4) Map the reads to the FASTA file to obtain BAM files
Be careful to choose proper parameters for your aligner - in general, if reads from contig A align to contig B, then Vamb will bin A and B together. So your aligner should map reads with the same level of discrimination that you want Vamb to use. Although you can use any aligner that produces a specification-compliant BAM file, we prefer using minimap2
:
minimap2 -T almeida.fna -t 28 -N 5 -ax sr almeida.mmi sample1.forward.fastq.gz sample1.reverse.fastq.gz | samtools view -F 3584 -b --threads 8 > sample1.bam
If you are using BAM files where you do not trust the validity of every alignment in the file, you can filter the alignments for minimum nucleotide identity using the -z
flag (uses the NM
optional field of the alignment, we recommend setting it to 0.95
), and/or filter for minimum alignments score using the -s
flag (uses the AS
optional field of the alignment.)
We have found that MetaBAT2's jgi_summarize_bam_contig_depths
program estimates BAM depths more accurate than Vamb's parsebam
module. For the best results, we recommend downloading MetaBAT2, using jgi_summarize_bam_contig_depths
to estimate depths, and then running Vamb with --jgi
instead of --bamfiles
. Also consider using the snakemake
workflow which will do this for you.
5) Run Vamb
By default, Vamb does not output any FASTA files of the bins. In the examples below, the option --minfasta 200000
is set, meaning that all bins with a size of 200 kbp or more will be output as FASTA files.
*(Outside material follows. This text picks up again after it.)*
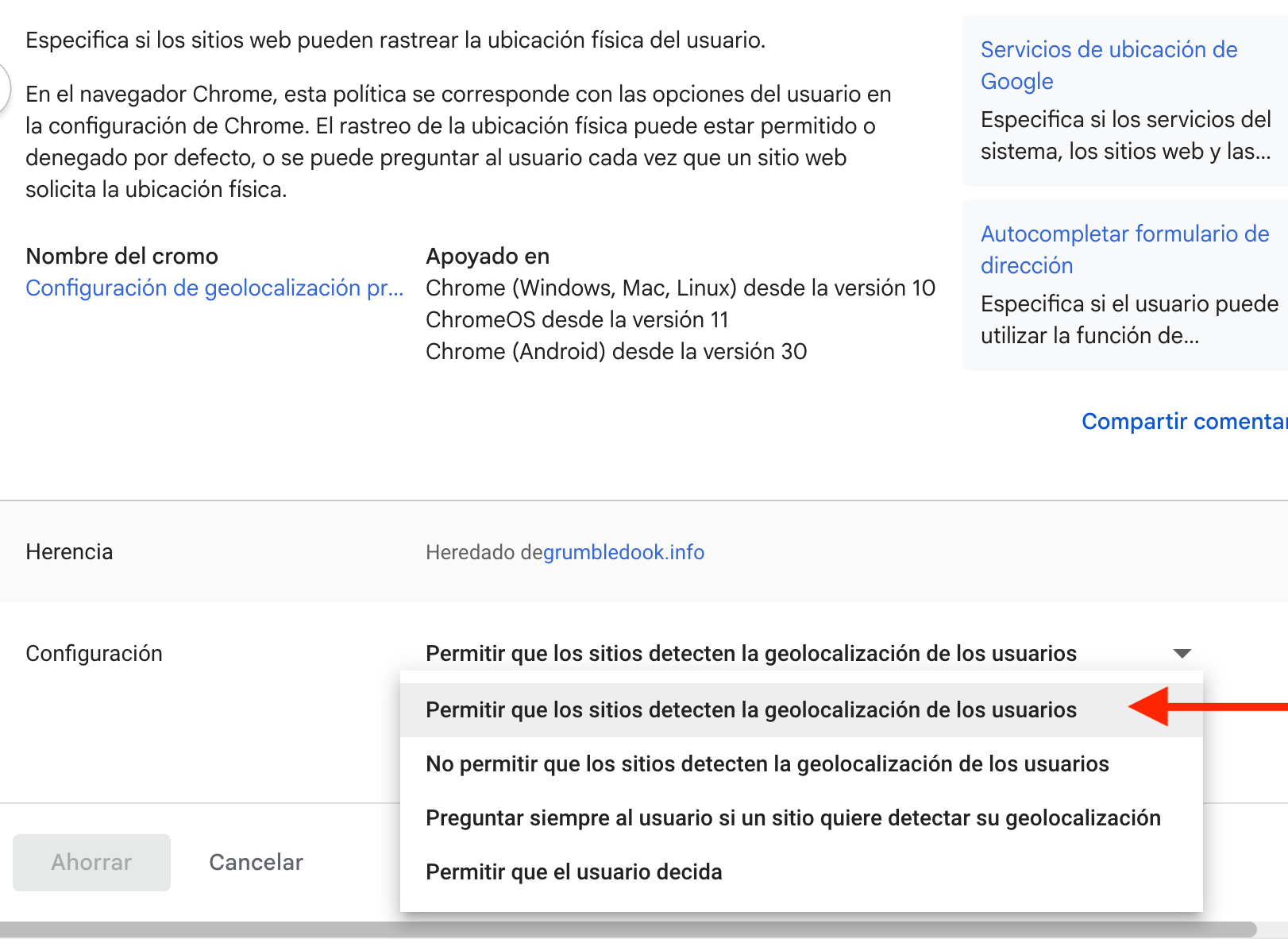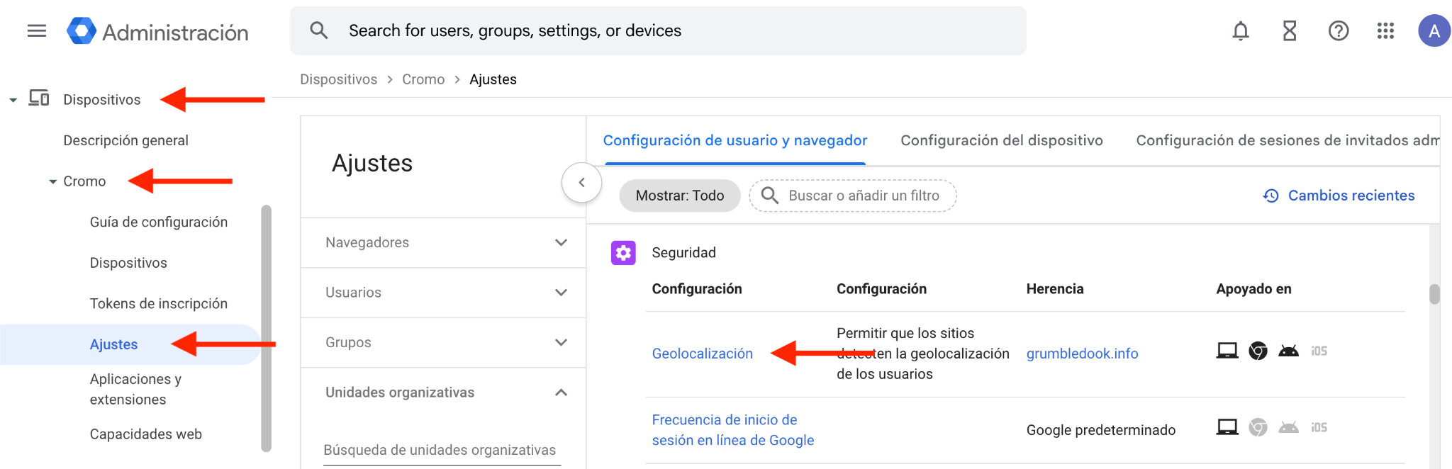 Control de la configuración de ubicación a través de la Consola de Administración de Google
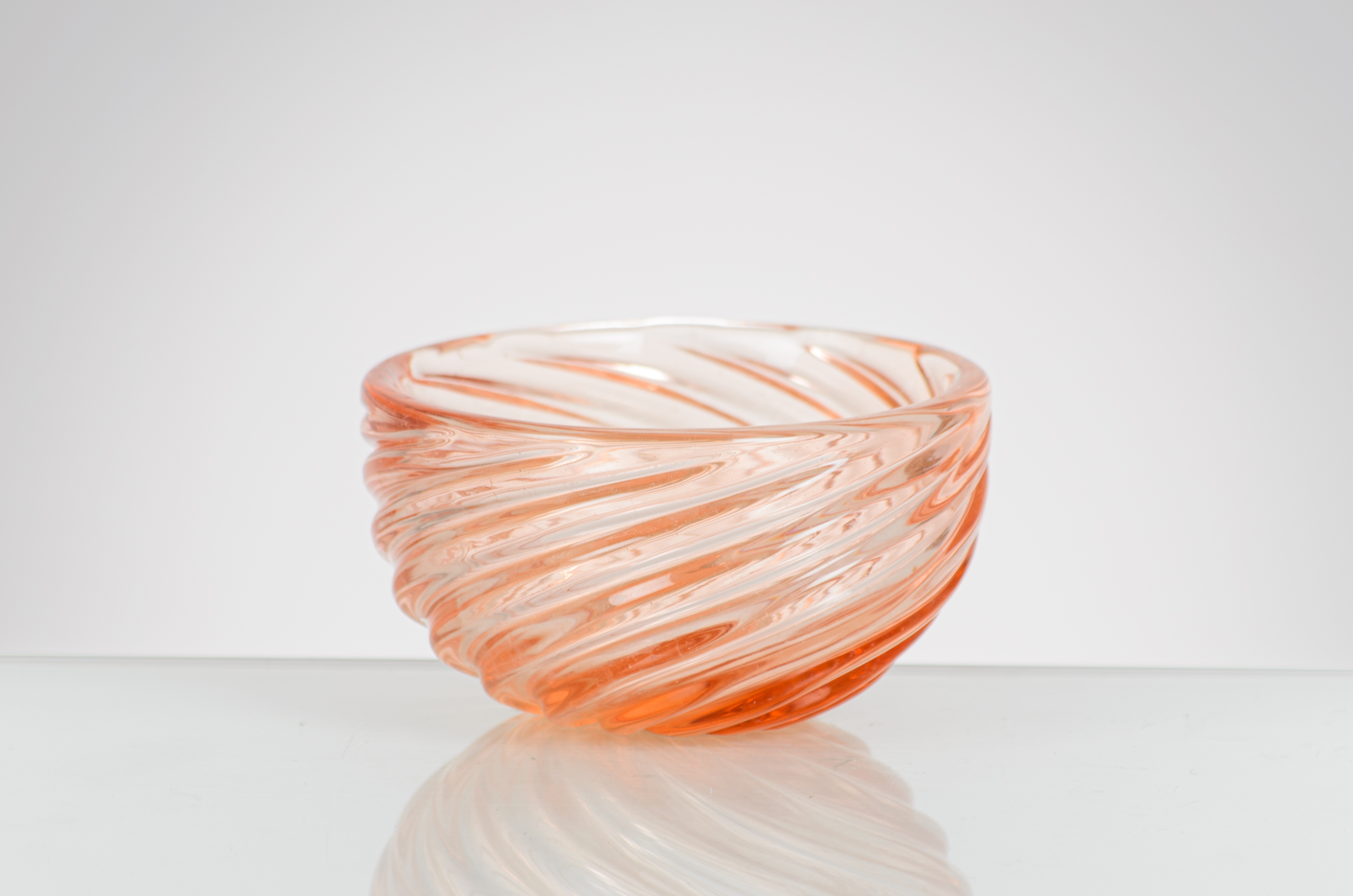Coppa in vetro 'Diamante' a sezione polilobata colore rosato, bocca circolare. Marca ad acido “Venini murano”.

If you trust the alignments in your BAM files, use:
vamb -o SEP --outdir OUT --fasta FASTA --bamfiles BAM1 BAM2 [...] --minfasta 200000
,
where SEP
in the {Separator} chosen in step 3, e.g. C
in that example, OUT
is the name of the output directory to create, FASTA
the path to the FASTA file and BAM1
the path to the first BAM file. You can also use shell globbing to input multiple BAM files: my_bamdir/*bam
.
If you don't trust your alignments, set the -z
and -s
flag as appropriate, depending on the properties of your aligner. For example, if I used the aligner BWA MEM, I would use:
vamb -o SEP -z 0.95 -s 30 --outdir OUT --fasta FASTA --bamfiles BAM1 BAM2 [...] --minfasta 200000
The default hyperparameters of Vamb will provide good performance on any dataset. However, since running Vamb is fast (especially using GPUs) it is possible to try to run Vamb with different hyperparameters to see if better performance can be achieved (note that here we measure performance as the number of near-complete bins assessed by CheckM). We recommend to try to increase and decrease the size of the neural network and have used Vamb on datasets where increasing the network resulted in more near-complete bins and other datasets where decreasing the network resulted in more near-complete bins. To do this you can run Vamb as (default for multiple samples is -l 32 -n 512 512
)`:
vamb -l 24 -n 384 384 --outdir path/to/outdir --fasta /path/to/catalogue.fna.gz --bamfiles /path/to/bam/*.bam -o C --minfasta 200000
vamb -l 40 -n 768 768 --outdir path/to/outdir --fasta /path/to/catalogue.fna.gz --bamfiles /path/to/bam/*.bam -o C --minfasta 200000
It is possible to try any combination of latent and hidden neurons as well as other sizes of the layers. Number of near-complete bins can be assessed using CheckM and compared between the methods. Potentially see the snakemake folder workflow
for an automated way to run Vamb with multiple parameters.